Nessuno stato costruisce centrali. Al massimo ci sono delle aziende controllate dallo Stato che costruiscono centrali, per esempio Rosatom in Russia o le due aziende cinesi, China General Nuclear e China National Nuclear Corp; altre aziende come Westinghouse o Ontario Power Generation sono private. É quindi possibile in tutti e due i modi, ma si tratta sempre di un’azienda specializzata, con competenze. Uno stato potrebbe al massimo controllare un’azienda specializzata che si occupa di generazione di energia nucleare.
-Che fa tutto, dalla produzione all’installazione…
Dipende, dipende. Ovviamente in alcuni casi ci sono delle sussidiarie, come ad esempio EDF in Francia, gruppo che controlla i 56 reattori nucleari francesi, controlla anche la Framatome, che si occupa della costruzioni di nuovi reattori, e l’Orano, che si occupa del riprocessamento del ciclo combustibile. Ogni parte della filiera è divisa in piccole aziende sussidiarie.
Dieci anni fa, nel 2011, per la seconda volta è stato bocciato l’utilizzo del nu-
cleare in Italia con referendum [dall’opinione pubblica, ndr]. Greenpeace è sta-
ta una delle organizzazioni che si sono opposte. Uno dei punti per cui Greenpeace si è schierata contro è la produzione di energia con metodi alternativi, come possono essere il fotovoltaico o l’eolico. Perché si sbagliavano?
Punto uno. Nel 2011 non è stato bocciato il nucleare per la seconda volta bensì per la prima volta, in quanto il referendum dell’87 non era sull’adozione del nucleare, ma sugli incentivi ai Comuni che ospitavano gli impianti nucleari. Si è trattato di una questione tecnica. C’erano anche altri quesiti, come la possibilità per Enel di gestire impianti nucleari all’estero; non era per l’uso delle centrali nucleari o meno. Quel referendum non bocciava il nucleare. Detto questo, le energie rinnovabili si dividono in due categorie: le rinnovabili “continue”,quindi l’idroelettrico e il geotermico, e le rinnovabili aleatorie o intermittenti, come solare o eolico. Il problema di queste ultime è che, come suggerisce il nome, non producono energia sempre, ma solo in determinati momenti della giornata e dell’anno, quindi seguono anche una stagionalità.

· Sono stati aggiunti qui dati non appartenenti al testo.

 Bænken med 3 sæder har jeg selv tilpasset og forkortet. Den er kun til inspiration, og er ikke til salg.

Ad oggi non esistono sistemi di accumulo in scala di rete e di grandi sistemi di accumulo a batteria nel mondo c’è ne sono solo da pochi gigawattora. I più grandi bacini idroelettrici di accumulo sono da qualche terawattora, ma non li abbiamo in Italia. Non c’è assolutamente la possibilità di accumulare quest’energia. Questo vuol dire che, se non hai il nucleare e non ci sono il sole o il vento, il solo metodo che hai per produrre energia è bruciare combustibili fossili.

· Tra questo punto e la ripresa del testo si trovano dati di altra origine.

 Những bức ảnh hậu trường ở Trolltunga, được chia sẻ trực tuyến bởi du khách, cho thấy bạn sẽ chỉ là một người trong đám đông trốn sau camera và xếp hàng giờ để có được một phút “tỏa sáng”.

Nel caso in cui un possibile disegno di legge sul nucleare ne approvasse l’utilizzo sul suolo italiano, dove si potrebbero posizionare le centrali? Lei sarebbe disposto ad accettarne una vicina a casa, ad una decina o ventina di chilometri?
Io ci vivrei anche dentro a una centrale nucleare. I primi siti che si potrebbero sfruttare sono quelli delle vecchie Centrali Italiane, che hanno ancora la licenza per impianti di trattamento di materiale radioattivo, quindi quelli di Trino a Caorso, Garigliano e Montalto di Castro. Per quanto riguarda me, io personalmente sarei felicissimo di avere una centrale nucleare vicino alla mia città.